We create potentially huge tree of possible corrections. Each node corresponds to corrected sequence of bytes up to given point. Its branches correspond to the choice of the next corrected byte and the number of bits used for this purpose: 8 without correction or a smaller number when we test scenarios with some applied deletion. In each node there is tested uniformly distributed checksum: R redundancy bits out of 8 bits (rate is (8-R)/8 for R=1 .. 7). These bits always agree for the proper correction and disagree with 1-2^-R probability for improper ones, allowing to statistically reduce the growth of the tree. After detecting an error, the most probable looking node is chosen for further expansion (heap).
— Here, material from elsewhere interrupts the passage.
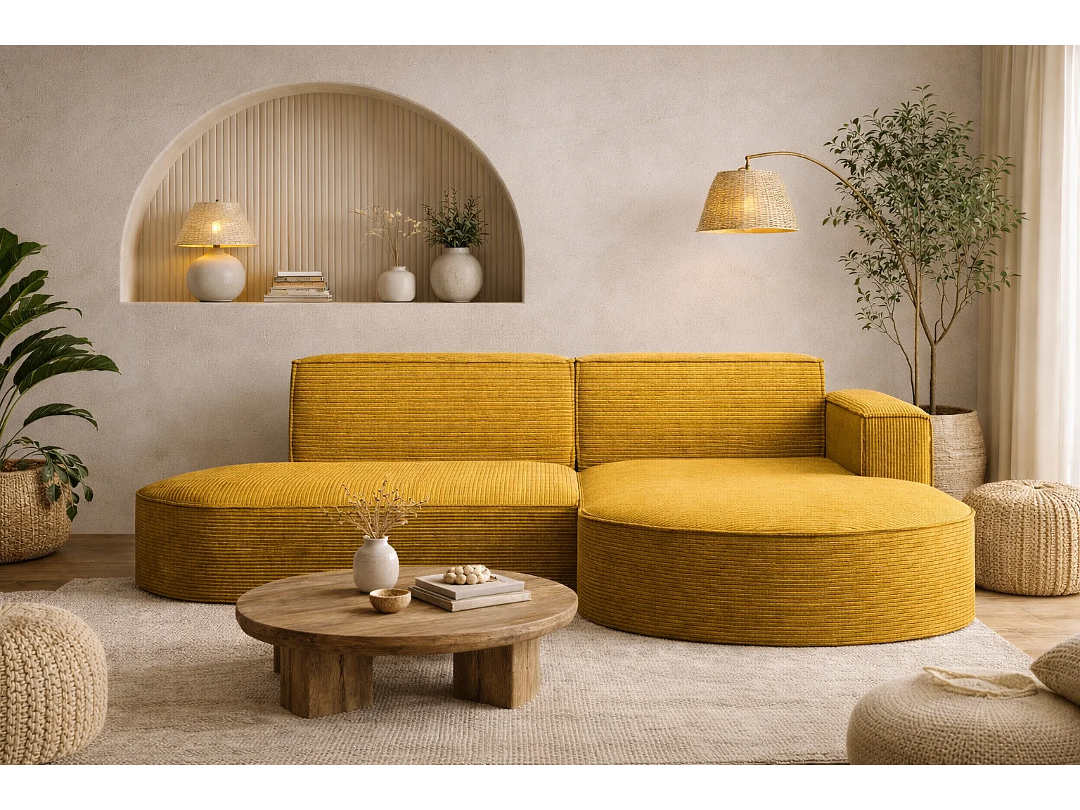 Canapé d'angle Designer MODENA STUDIO tissu Cordon épais Poso Jaune Droit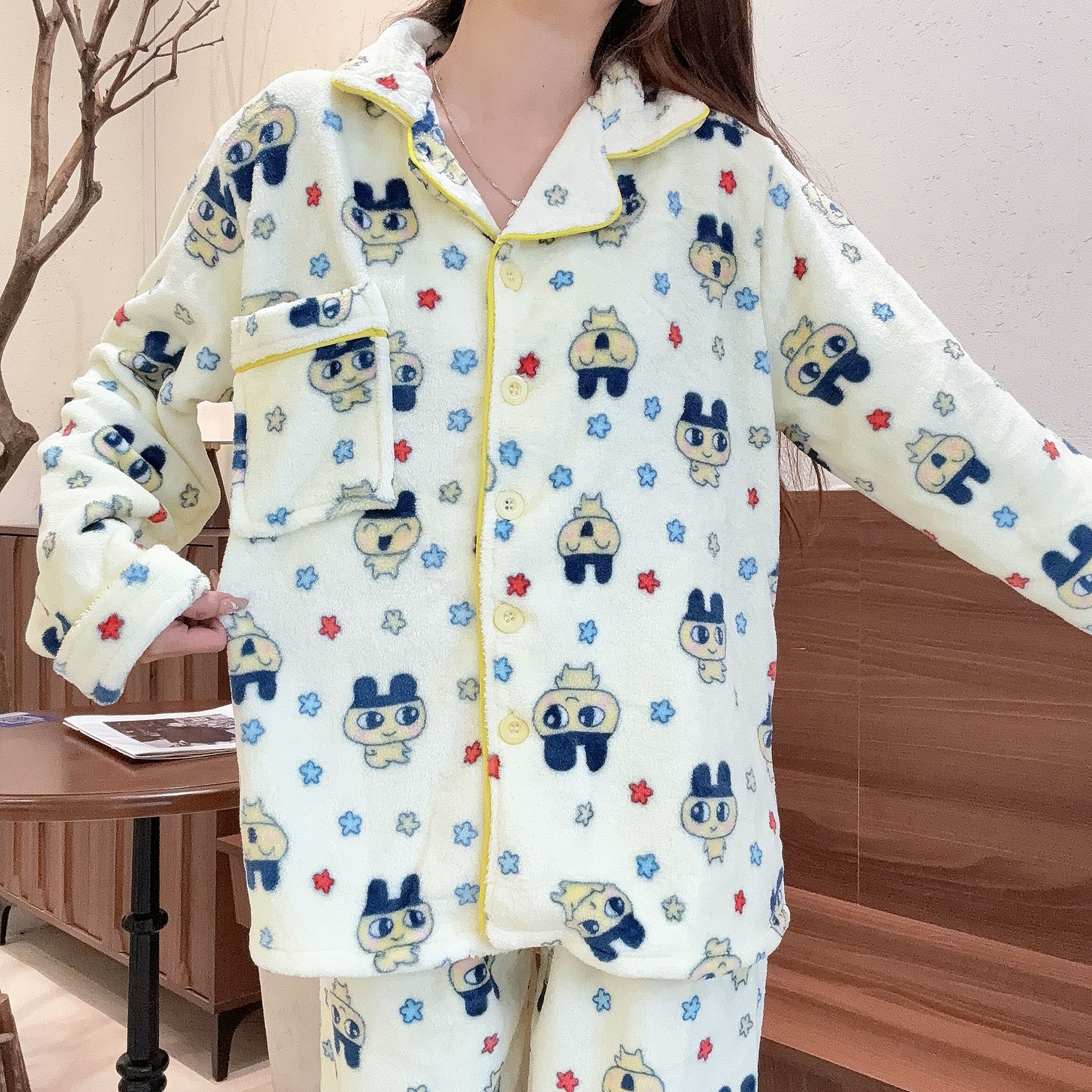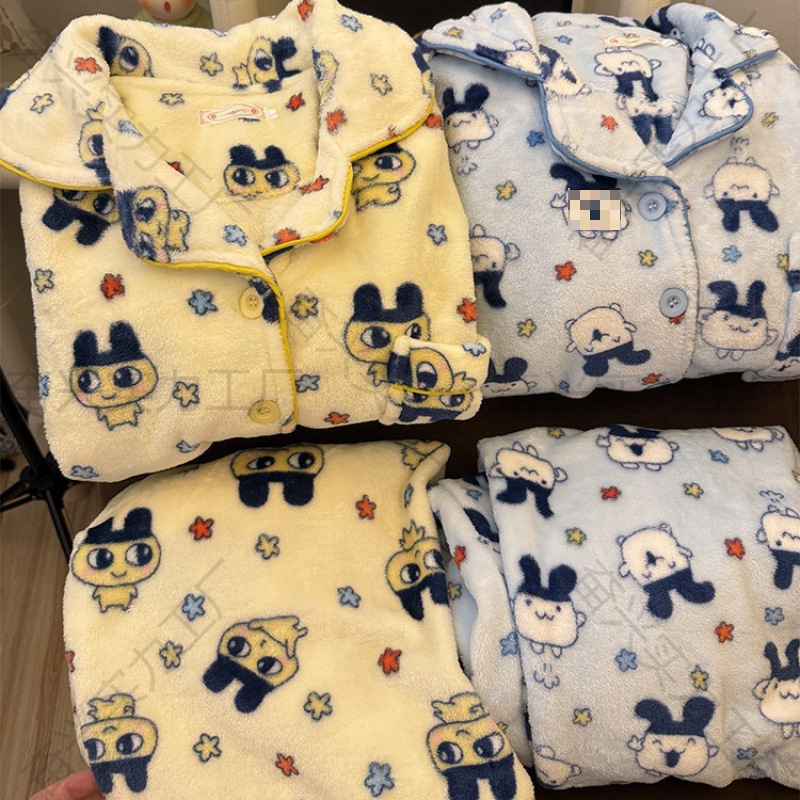 日系卡通拓麻歌子德绒睡衣女款2025秋冬保暖长袖加厚可外穿家居服

For deletion channel, different deletion patterns can lead to the same corrected sequence - such branches should be removed, what is achieved here by checking if given state hasn't been already spotted for given bit position.
The statistical behavior of such random tree can be described by Pareto coefficient (c), saying that increasing twice the limit of number of nodes, reduces the probability of failure approximately 2^c times. We could improve performance by using more resources (memory and time) as long as c>0. For BSC and BEC this coefficient can be found analytically and c = 0 corresponds to channel capacity there - it is the boundary where the tree of possible corrections starts growing exponentially.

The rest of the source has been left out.